仙厓は,今から200年程前、博多の聖福寺というお寺の住持をされた後、亡くなられるまで博多の地で暮らした、禅僧です。この仙厓による書画が、当時の博多の人々に大人気で「博多の仙厓さん」と呼ばれ、親しまれていたそうです。(というわけで,私もここからは「仙厓」ではなく「仙厓さん」と呼ばせていただきます(^^))

小西氏の仙厓コレクションは,「初期に描かれた謹直なスタイルの禅画から晩年のゆるくてかわいい動物たち、そして、茶器や文房具などの日用品も含んでおり、仙厓のすべてを知りたいと願ったコレクターの思いが伝わってきます」というもので,この展示を観たり,担当学芸員である宮田くんの話を聞くと,仙厓さんの作品もさることながら、仙厓さんという人間について興味が湧いてきます。

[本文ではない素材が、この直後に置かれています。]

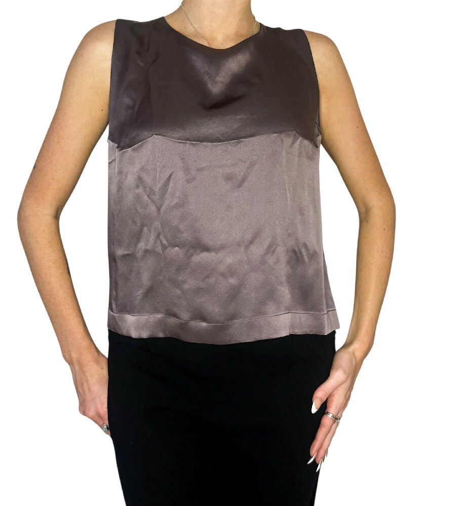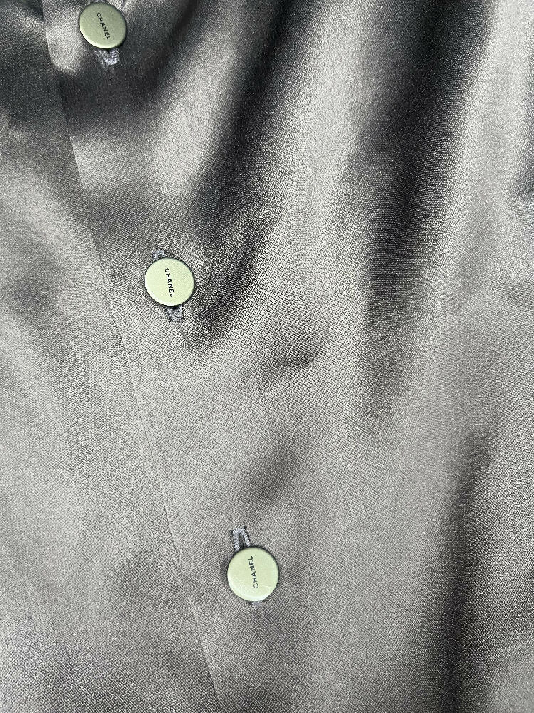 Beautiful silk sleeveless top from Chanel’s Fall 1999 Ready-to-Wear collection. In a muted plum tone, this piece is a simple and elegant addition to your wardrobe. Featuring Chanel logo-embellished buttons cascading down the back centre.

もう一度言います。仙厓さんは,お坊さんです。そのお坊さんの描いたものが,時を経て,今,公立の美術館に展示されています。はて。仙厓さんの絵はいつの間に「アート」になったのでしょう。少なくとも仙厓さんは,存命中,自分のことを「アーティストだ」なんて思っていなかったのではないかと思います。

そんな仙厓さんの描いたものがなぜ今,美術館に飾られているかと考えると,やはりそこには作者が情熱を持って「伝えたいもの」があり,それを伝える技術が優れていたからでしょう。

仙厓さんが情熱を持って伝えたかったもの,それは,「禅の教え」です。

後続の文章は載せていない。